The industry's behaviour, particularly in developing countries, is also wanting, Mr O'Reilly suggested. ChevronTexaco itself has come under fire recently for the social and environmental impacts of its operations in Ecuador.

'Too often,' he said, 'our behaviour seems to suggest that our mere presence is enough, that we have no further responsibilities to the communities where we operate. Few things could be more damaging to the way the world sees us.'

ChevronTexaco's chief also hit out at the industry's communications efforts. 'Too often, we act defensively about what we do wrong - and sheepishly about what we do right. Too often, we respond with delay and denial.'

The consequences of these failings, he said, 'extend to the bottom line - and far into the future.' At stake were the industry's ability to resist onerous regulation, gain access to fresh resources, and recruit talented people.
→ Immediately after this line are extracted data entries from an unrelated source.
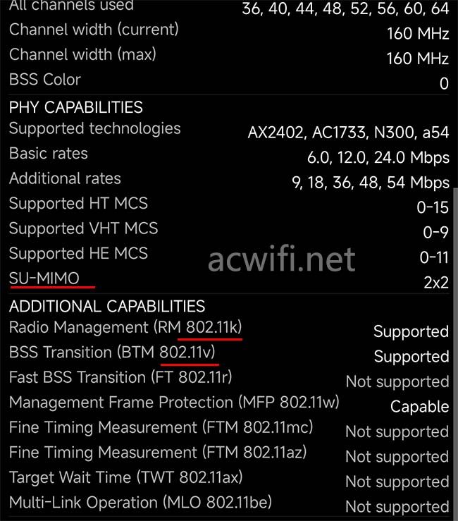 无线方面默认支持802.11k和802.11v,默认不支持MU-MIMO,也没找到系统开启MU-MIMO的地方,默认支持波束成形。
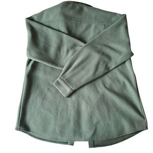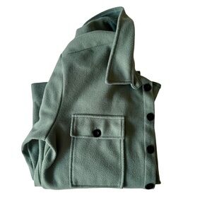 Stay cozy and comfortable with this chic green button-up shacket. Perfect for layering, it features a classic design with front pockets and buttoned cuffs.
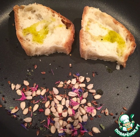 Тем временем поджарьте хлеб с оливковым маслом. Также обжарьте семена подсолнечника. У меня еще лавандовый цвет ( но это не обязательно)

Mr O'Reilly proposed that the industry should start by improving its communications about its central mission - the provision of affordable energy.

In the most controversial part of his speech which was a clear swipe at BP's 'beyond petroleum' message, he complained that 'there are some in our own industry who are doing just the opposite. They're sending the message that fossil fuels are on the way out, soon to be replaced by alternatives.' Rather, he insisted, they will remain 'the primary source of energy for generations to come.'

Mr O'Reilly closed by advocating better self-policing by the industry to combat poor performers, and the pursuit of energy efficiency - the 'single most effective way to reduce greenhouse gas emissions' - in its own operations and among its customers.